[WHAT YOU ARE ASKED TO DO]:
Without pictures, output exactly the lines running from the line containing "Replica Day-Date A2813" to the end of the listing below.

[DATA BELOW]:
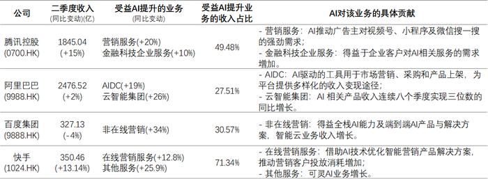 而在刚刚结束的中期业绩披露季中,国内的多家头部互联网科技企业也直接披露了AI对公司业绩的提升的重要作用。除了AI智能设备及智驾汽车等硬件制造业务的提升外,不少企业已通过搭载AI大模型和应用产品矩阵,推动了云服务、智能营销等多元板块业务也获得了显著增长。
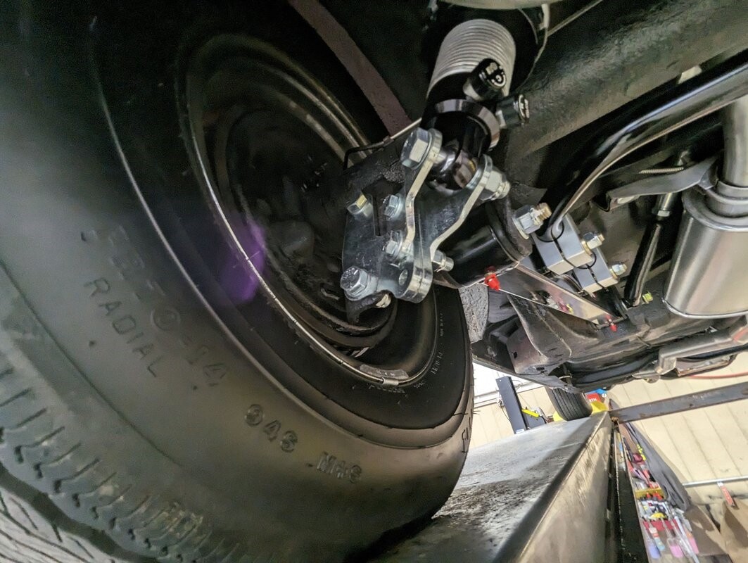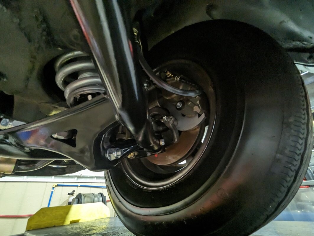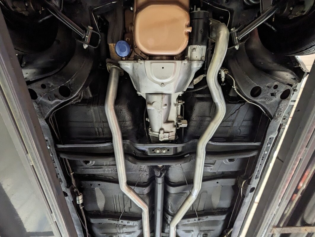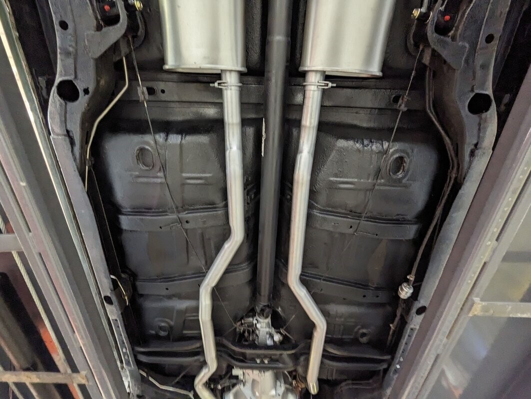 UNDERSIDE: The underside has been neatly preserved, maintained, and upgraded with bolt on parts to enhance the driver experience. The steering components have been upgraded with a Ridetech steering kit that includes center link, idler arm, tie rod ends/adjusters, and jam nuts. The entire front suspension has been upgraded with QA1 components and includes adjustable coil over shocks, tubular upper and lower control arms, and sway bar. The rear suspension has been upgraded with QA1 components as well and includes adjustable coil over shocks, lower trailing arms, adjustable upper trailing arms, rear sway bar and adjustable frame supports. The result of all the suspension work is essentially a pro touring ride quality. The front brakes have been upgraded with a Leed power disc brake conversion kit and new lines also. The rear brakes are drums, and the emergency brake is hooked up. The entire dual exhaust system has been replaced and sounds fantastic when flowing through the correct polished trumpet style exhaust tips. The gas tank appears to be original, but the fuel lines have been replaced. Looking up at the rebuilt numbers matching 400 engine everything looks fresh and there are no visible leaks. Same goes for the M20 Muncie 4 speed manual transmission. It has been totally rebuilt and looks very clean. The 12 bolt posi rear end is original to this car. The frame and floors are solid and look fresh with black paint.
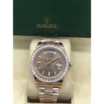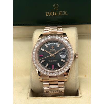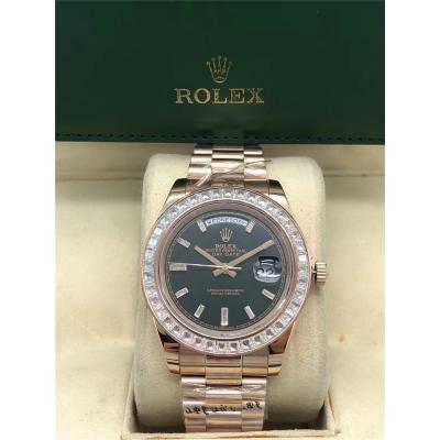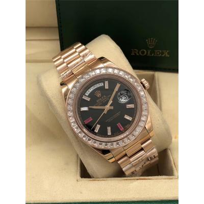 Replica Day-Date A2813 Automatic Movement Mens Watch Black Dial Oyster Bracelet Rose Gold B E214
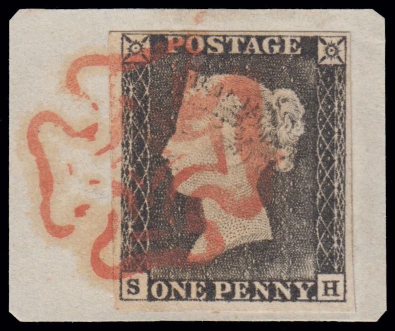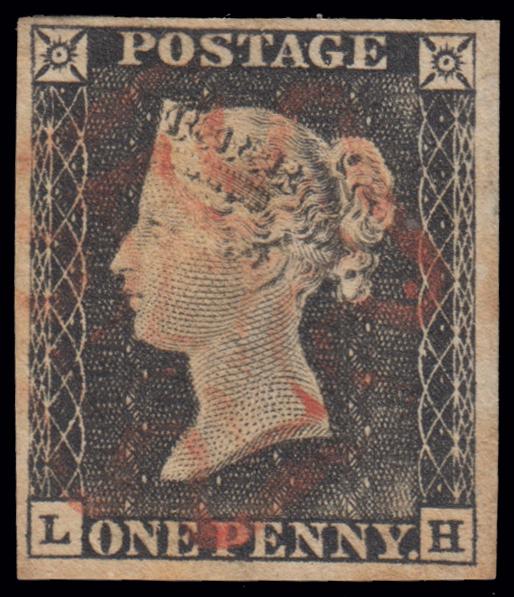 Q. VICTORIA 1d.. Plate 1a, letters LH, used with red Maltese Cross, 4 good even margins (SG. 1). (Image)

[SOLUTION]:
 Replica Day-Date A2813 Automatic Movement Mens Watch Black Dial Oyster Bracelet Rose Gold B E214
 Q. VICTORIA 1d.. Plate 1a, letters LH, used with red Maltese Cross, 4 good even margins (SG. 1). (Image)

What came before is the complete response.